CYBERSECURITY

Attacco hacker all’università Tor Vergata: accesso ai dati sulle ricerche Covid

L’ateneo romano ha subito un’intrusione informatica grazie alla quale i cyber criminali sarebbero entrati in possesso di informazioni sensibili e documenti riservati per il contrasto della pandemia. Tutte le attività sono state ripristinate grazie a un backup completo

09 Set 2020

Domenico Aliperto

L’università romana di Tor Vergata è sotto attacco. Si tratta, stando a quanto riporta Repubblica, di un’intrusione all’interno della rete informatica iniziata venerdì notte e che ha avrebbe già violato i dati di docenti e studenti, oltre che reso inutilizzabili documenti di rilievo, come quelli che contengono le ricerche sulle terapie utili a contrastare la pandemia da Covid 19. Non parliamo di un caso isolato: basti ricordare il tentativo di intrusione nell’istituto Spallanzani per capire come anche la corsa a una soluzione per l’emergenza coronavirus sia diventata una dimensione appetibile per hacker e criminali informatici, che sfruttano ransomware e virus di nuova generazione che nemmeno i sistemi di firewall più avanzati riescono a identificare in tempo utile.

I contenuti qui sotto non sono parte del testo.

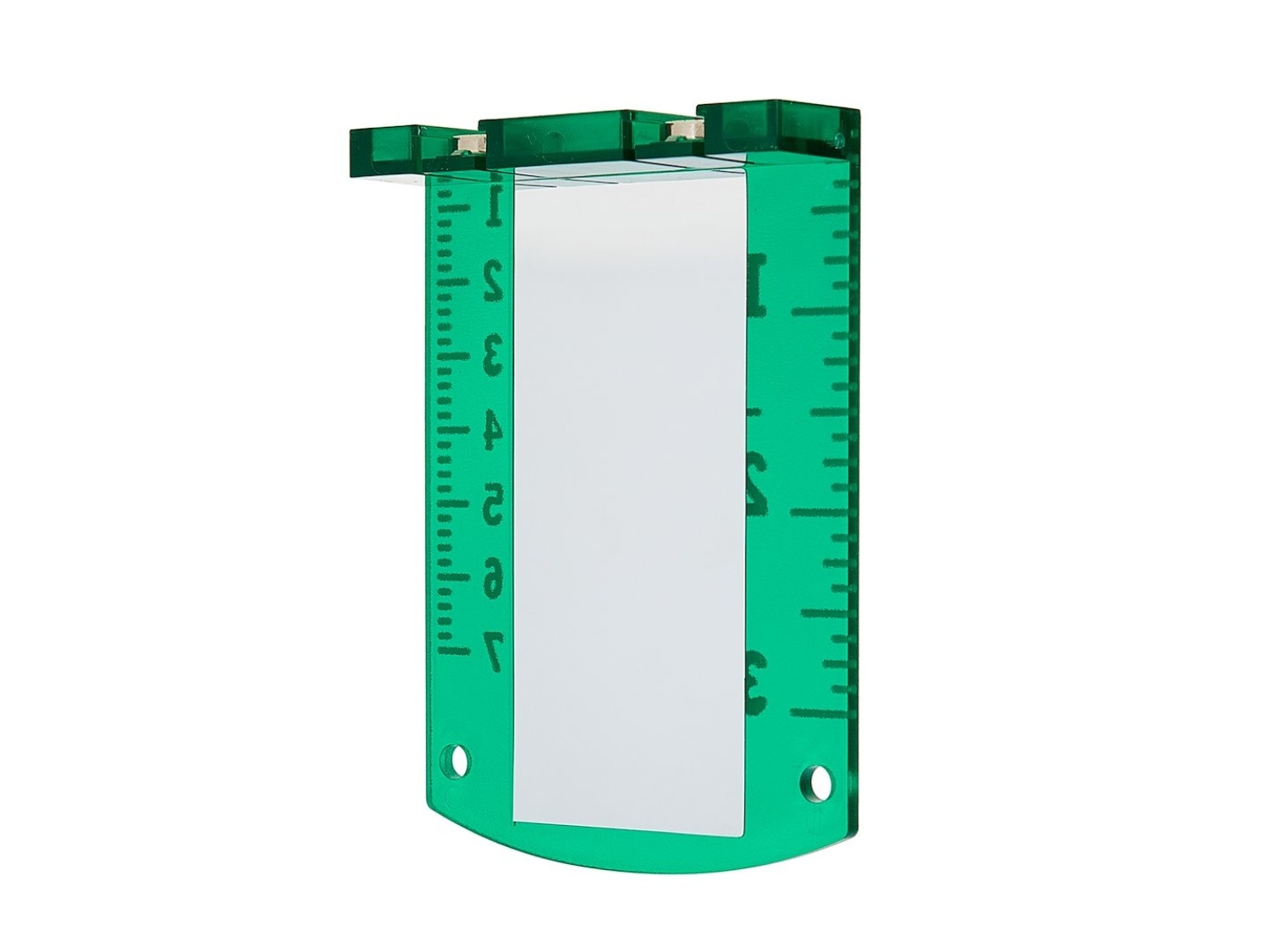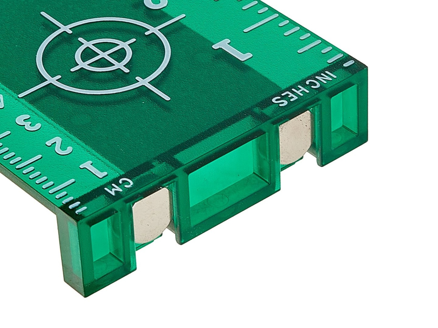 Mērījumu skalas – atzīmētas gan centimetros (cm), gan collās (inch) precīzai izlīdzināšanai un lāzera punkta nolasīšanai.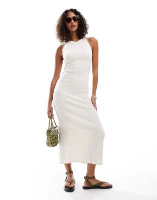 Stradivarius - Robe mi-longue dos nu - Blanc

Dati sensibili e documenti riservati, il bottino degli hacker

Come si legge su Repubblica, in poche ore gli hacker che hanno attaccato Tor Vergata sono riusciti a criptare i file presenti nei dischi rigidi, accedendo a studi sulle molecole che possono impedire l’ingresso nelle cellule umane o sui biomarcatori della voce per effettuare la diagnosi attraverso l’intelligenza artificiale. L’attacco avrebbe anche colpito ricerche preziose su altri campi, dalle nuove frontiere per pazienti paralizzati alle possibili forme di vita negli esopianeti. Sarebbero stati cifrati tutti i documenti di studenti e professori presenti sul cloud dell’ateneo, compresi i dati sensibili, compromettendo oltre un centinaio di computer a disposizione del personale, creando pure problemi per la piattaforma di didattica a distanza, che era stata realizzata in tempi record, consentendo lo svolgimento di 71 mila esami durante il lockdown.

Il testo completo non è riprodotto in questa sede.